* [EXERCISE]
Once "No limitation for" turns up in a line below, reproduce that line and those after it exactly, stopping after the line with "- Юбилейная медаль"; leave pictures out.
**** RECORD EXCERPTS ****
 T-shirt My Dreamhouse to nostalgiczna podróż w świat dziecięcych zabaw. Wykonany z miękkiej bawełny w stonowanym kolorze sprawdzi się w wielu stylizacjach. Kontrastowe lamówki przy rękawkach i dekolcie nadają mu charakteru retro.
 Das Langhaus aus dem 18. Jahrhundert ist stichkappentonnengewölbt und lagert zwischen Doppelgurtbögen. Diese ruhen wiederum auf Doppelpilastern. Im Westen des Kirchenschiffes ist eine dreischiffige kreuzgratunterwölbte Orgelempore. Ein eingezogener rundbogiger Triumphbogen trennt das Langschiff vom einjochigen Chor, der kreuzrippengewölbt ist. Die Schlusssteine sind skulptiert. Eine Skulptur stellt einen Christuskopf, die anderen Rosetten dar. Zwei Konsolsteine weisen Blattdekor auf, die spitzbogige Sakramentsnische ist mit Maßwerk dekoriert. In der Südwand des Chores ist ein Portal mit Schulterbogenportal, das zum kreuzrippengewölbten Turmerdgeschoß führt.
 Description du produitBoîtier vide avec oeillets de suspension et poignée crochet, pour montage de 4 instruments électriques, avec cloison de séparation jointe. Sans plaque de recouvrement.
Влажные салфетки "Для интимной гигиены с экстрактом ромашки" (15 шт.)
****
**** RECORD EXCERPTS ****
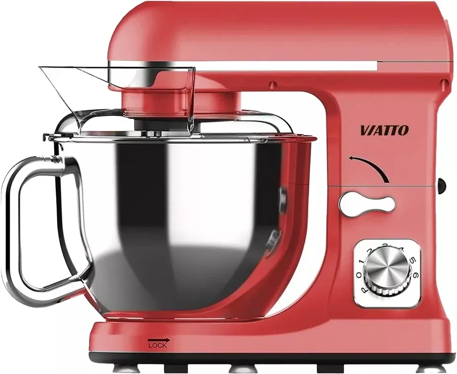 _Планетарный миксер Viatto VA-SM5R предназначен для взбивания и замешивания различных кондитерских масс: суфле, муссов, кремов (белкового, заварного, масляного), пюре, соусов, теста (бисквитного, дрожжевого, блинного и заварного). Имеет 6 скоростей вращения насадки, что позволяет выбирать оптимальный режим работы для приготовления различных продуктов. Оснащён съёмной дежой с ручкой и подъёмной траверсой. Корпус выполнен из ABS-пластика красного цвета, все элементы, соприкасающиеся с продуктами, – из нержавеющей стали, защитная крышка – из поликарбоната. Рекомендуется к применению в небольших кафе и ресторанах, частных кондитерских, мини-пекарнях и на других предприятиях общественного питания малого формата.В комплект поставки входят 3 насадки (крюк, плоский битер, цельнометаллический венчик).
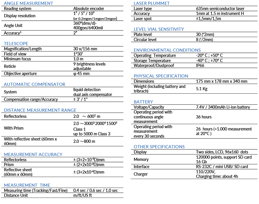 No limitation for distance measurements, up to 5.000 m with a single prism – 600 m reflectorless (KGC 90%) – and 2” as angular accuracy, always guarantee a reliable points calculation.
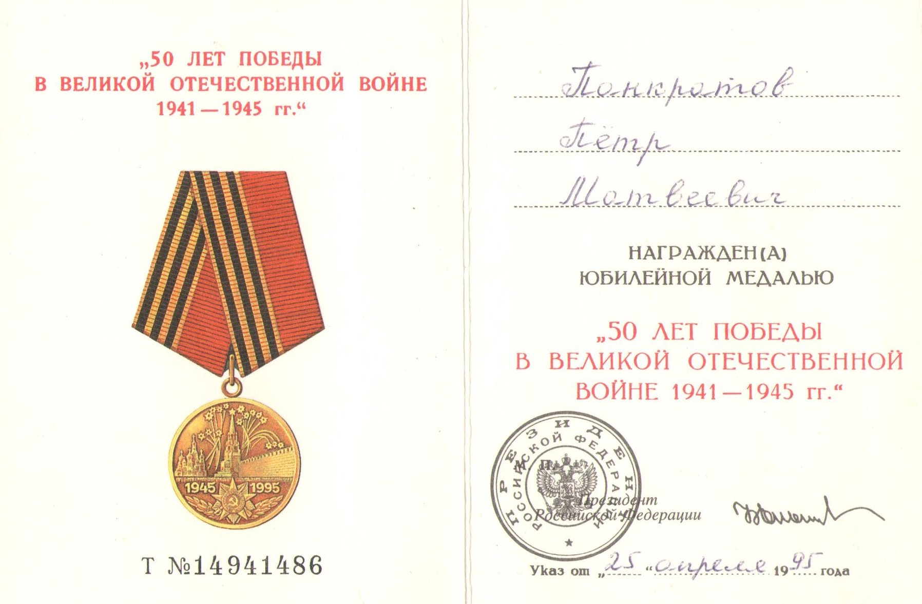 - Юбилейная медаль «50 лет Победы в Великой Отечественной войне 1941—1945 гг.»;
****
* [ANSWER TO THE PROBLEM]
 No limitation for distance measurements, up to 5.000 m with a single prism – 600 m reflectorless (KGC 90%) – and 2” as angular accuracy, always guarantee a reliable points calculation.
 - Юбилейная медаль «50 лет Победы в Великой Отечественной войне 1941—1945 гг.»;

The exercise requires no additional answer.